Agentic RAG turns AI into a smarter digital sleuth

10 December 2024

Author

Sascha Brodsky

Tech Reporter, IBM

When generative AI burst onto the scene, its ability to answer questions and create content was lauded as transformative. However, enterprises quickly realized that the technology had limitations, including hallucinations, a lack of explainability and an inability to act autonomously on retrieved information. Enter agentic retrieval augmented generation (agentic RAG), a new AI development that promises to address these challenges while unlocking new business applications.

“Content-grounded question and answering is the most popular use case for generative AI in enterprises,” says Maryam Ashoori, a Senior Director of Product Management for IBM watsonx who has been closely involved in developing and refining agentic RAG workflows. “Imagine you’re a customer who just bought a camera and needs help troubleshooting. Instead of relying on the model’s internal knowledge—which might be incomplete or inaccurate—the AI retrieves information from user manuals and other relevant documents to answer your question.”

This process, known as retrieval-augmented generation (RAG), helps minimize one of generative AI’s most persistent problems: hallucination. “If the model doesn’t find anything relevant, it can simply say, ‘I don’t know,’ instead of generating a potentially misleading answer,” Ashoori says.

Beyond retrieval: Adding agency

While RAG has been widely adopted for enterprise use, its capabilities are inherently limited to information retrieval and generation. The addition of “agency”—the ability to plan, reason and take actions autonomously—represents a significant leap forward.

“The true definition of an agent is an intelligent system that can reason, plan and act,” Ashoori says. “For example, say a customer’s troubleshooting query involves multiple steps. An agentic system can break the problem down, retrieve relevant information and even perform web searches or database queries if the initial resources don’t suffice.”

To illustrate the power of agentic RAG, Ashoori offers a hypothetical scenario: “Imagine a customer says, ‘My camera isn’t taking pictures.’ The agent might first search the user manual for troubleshooting steps. If the answer isn’t there, it could then perform a web search or query a database to find a solution. This kind of reasoning and action loop is what sets agentic RAG apart.”

Agentic RAG still stumbles with room to grow

Despite its promise, agentic RAG has its challenges. Hallucination remains a risk, albeit reduced. “Even with the additional tools and feedback loops, we can’t guarantee that the model won’t hallucinate,” Ashoori says. “However, by incorporating mechanisms like confidence thresholds and citation requirements, we’re able to minimize the risk.”
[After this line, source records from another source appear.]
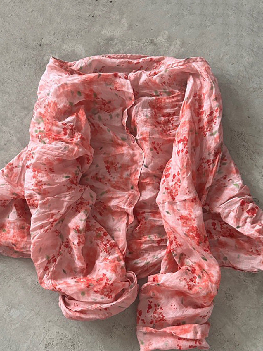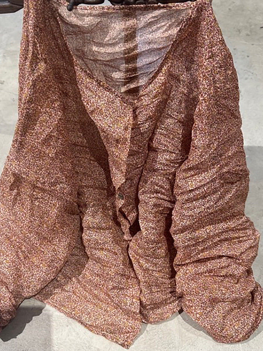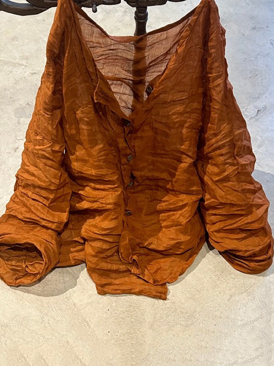 This shirt is crafted from pure ramie for a vintage. autumnal look. The O-neck collar and full raglan sleeves add a touch of retro style to the solid-colored or floral pattern options. Perfectly suited for the spring and autumn seasons.
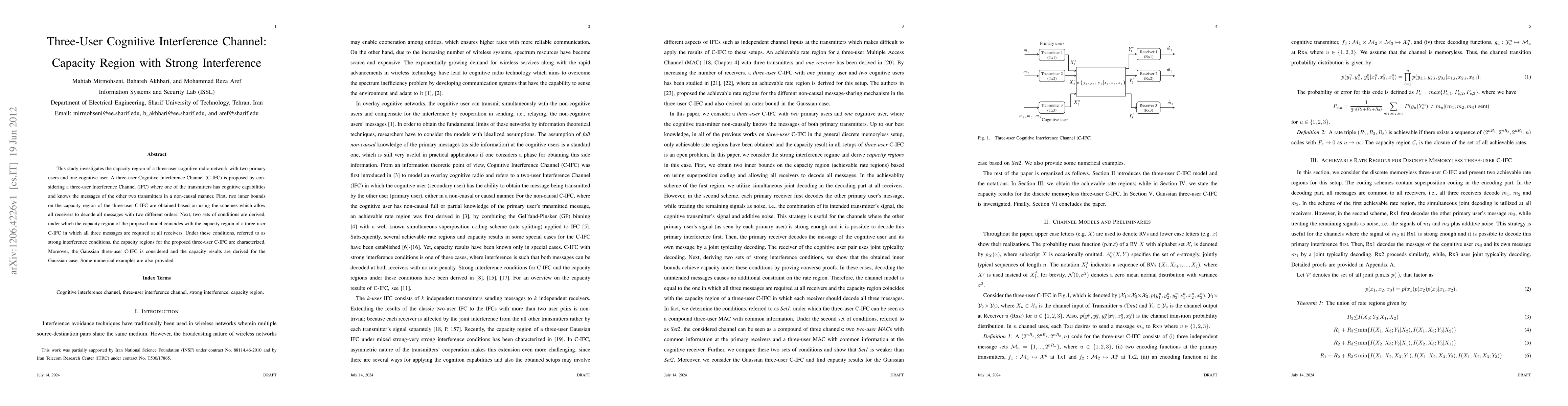 This study investigates the capacity region of a three-user cognitive radio network with two primary users and one cognitive user. A three-user Cognitive Interference Channel (C-IFC) is proposed by considering a three-user Interference Channel (IFC) where one of the transmitters has cognitive capabilities and knows the messages of the other two transmitters in a non-causal manner. First, two inner bounds on the capacity region of the three-user C-IFC are obtained based on using the schemes which allow all receivers to decode all messages with two different orders. Next, two sets of conditions are derived, under which the capacity region of the proposed model coincides with the capacity region of a three-user C-IFC in which all three messages are required at all receivers. Under these conditions, referred to as strong interference conditions, the capacity regions for the proposed three-user C-IFC are characterized. Moreover, the Gaussian three-user C-IFC is considered and the capacity results are derived for the Gaussian case. Some numerical examples are also provided.
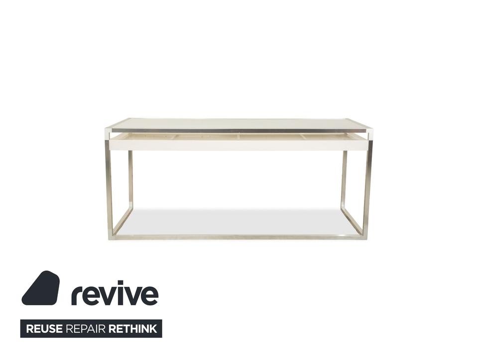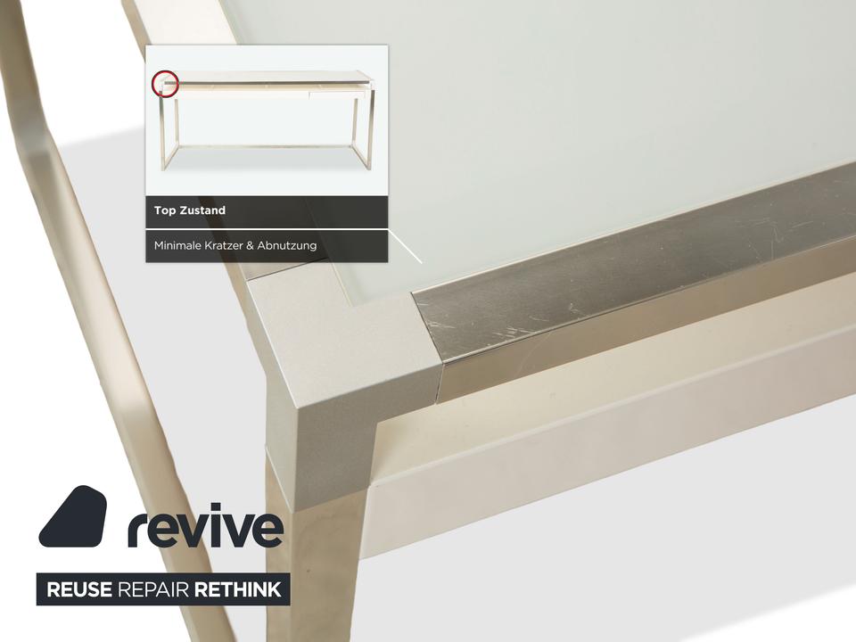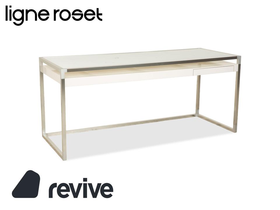 Der ligne roset Contour Glas Schreibtisch in Weiß verbindet modernes Design mit einer leichten, transparenten Ausstrahlung und ist ideal für Homeoffice und Büro. Die klar gestaltete Glasplatte sorgt für ein offenes, helles Arbeitsumfeld und verleiht dem Raum eine elegante, zeitgemäße Wirkung. Das weiße Gestell ergänzt die Glasfläche harmonisch und schafft ein ruhiges, stilvolles Gesamtbild.Eine integrierte Schublade bietet praktischen Stauraum für Schreibutensilien, Dokumente oder kleine Arbeitsmaterialien und unterstützt einen aufgeräumten Arbeitsplatz. Die hochwertige Verarbeitung und die stabile Konstruktion garantieren eine zuverlässige Nutzung im täglichen Arbeitsablauf.Durch seine klare Form, die luftige Optik und die funktionale Ausstattung eignet sich der ligne roset Contour Glas Schreibtisch perfekt für moderne Arbeitsbereiche und verleiht jedem Raum eine elegante und strukturierte Atmosphäre.
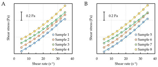 Flow curves fitted by the Herschel–Bulkley model (dashed lines denote the fitting curves); (A)–samples 1–4, (B)–samples 5–8.
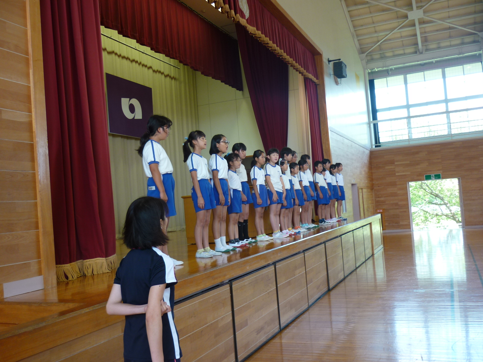 その後は音楽集会。今月の歌は「夏だ」です。合唱部と全校生が歌の掛け合いをしながら楽しく元気に歌うことができました。
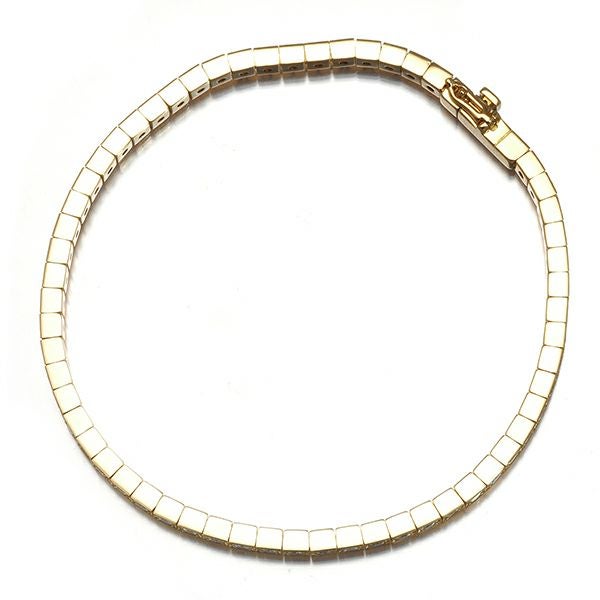 幾何学調のスクウェアデザインと共に厳選ダイヤが輝きを放つ カルティエのラニエール ダイヤモンドブレスレットです。

Other potential hurdles are mostly related to the autonomy agentic RAG grants to AI systems. “In traditional RAG workflows, everything happens within a closed system,” Ashoori says. “But with agents, you’re allowing the AI to autonomously interact with external tools and data sources. That raises questions about data security and access control.”

For example, an agent tasked with retrieving information from a database must be restricted to the datasets it is authorized to access. “You also need to control what actions the agent can take,” Ashoori says. “It’s not enough to allow access; you have to specify whether the agent can retrieve, edit or delete data. Otherwise, you risk creating a system that could inadvertently cause harm.”
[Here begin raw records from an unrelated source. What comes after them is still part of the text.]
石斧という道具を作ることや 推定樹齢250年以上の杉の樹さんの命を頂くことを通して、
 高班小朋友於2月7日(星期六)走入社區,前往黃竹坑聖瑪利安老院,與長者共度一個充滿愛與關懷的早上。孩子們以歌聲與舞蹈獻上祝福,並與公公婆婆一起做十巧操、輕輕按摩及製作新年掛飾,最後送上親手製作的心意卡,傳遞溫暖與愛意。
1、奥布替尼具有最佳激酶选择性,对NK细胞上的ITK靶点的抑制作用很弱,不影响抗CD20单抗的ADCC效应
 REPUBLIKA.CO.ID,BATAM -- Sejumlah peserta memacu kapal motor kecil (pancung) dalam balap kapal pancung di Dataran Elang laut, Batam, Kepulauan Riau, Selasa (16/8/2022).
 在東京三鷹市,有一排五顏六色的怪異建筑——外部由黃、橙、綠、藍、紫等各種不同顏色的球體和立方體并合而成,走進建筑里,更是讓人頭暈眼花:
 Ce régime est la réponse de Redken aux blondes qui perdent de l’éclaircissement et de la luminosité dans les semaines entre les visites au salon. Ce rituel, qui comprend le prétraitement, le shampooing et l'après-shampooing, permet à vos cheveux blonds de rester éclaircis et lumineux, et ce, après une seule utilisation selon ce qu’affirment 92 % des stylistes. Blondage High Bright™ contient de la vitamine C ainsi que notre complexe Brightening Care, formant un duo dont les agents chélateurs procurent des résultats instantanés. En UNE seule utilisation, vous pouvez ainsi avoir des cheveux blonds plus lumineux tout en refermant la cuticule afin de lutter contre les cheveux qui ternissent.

Explainability is another critical issue. Large language models (LLMs) often produce outputs that are difficult to trace back to their origins. In contrast, agentic RAG offers greater transparency.

"With agents, you can have a chance to observe the behavior of the agent and trace every action,” Ashoori says. “You know whether the information came from a document search, a web search or a database query. This level of observability is crucial for enterprises that need to ensure compliance and accountability.”

A myriad of possibilities

While still an emerging technology, agentic RAG is already finding its way into enterprise workflows. In addition to customer service applications, Ashoori highlights business process automation as a key use case. Agentic RAG’s combination of reasoning capabilities and action tools enables it to handle complex, multi-step workflows. “Imagine automating the processing of loan applications or supply chain queries,” Ashoori says. “The agent can analyze the problem, retrieve the necessary data and even execute predefined actions to resolve it.”

As companies explore the possibilities of agentic RAG, IBM is focusing on building trust and control into these systems, Ashoori says. “Observability and explainability are non-negotiable,” she explains. “Enterprises need to see what the agent is doing at every step and have the ability to intervene if something goes wrong.”

For Ashoori, the future of AI lies in striking the right balance between autonomy and oversight. “We’re just scratching the surface of what’s possible with agentic RAG,” she says. “But with the right guardrails in place, this technology has the potential to transform the way businesses operate.”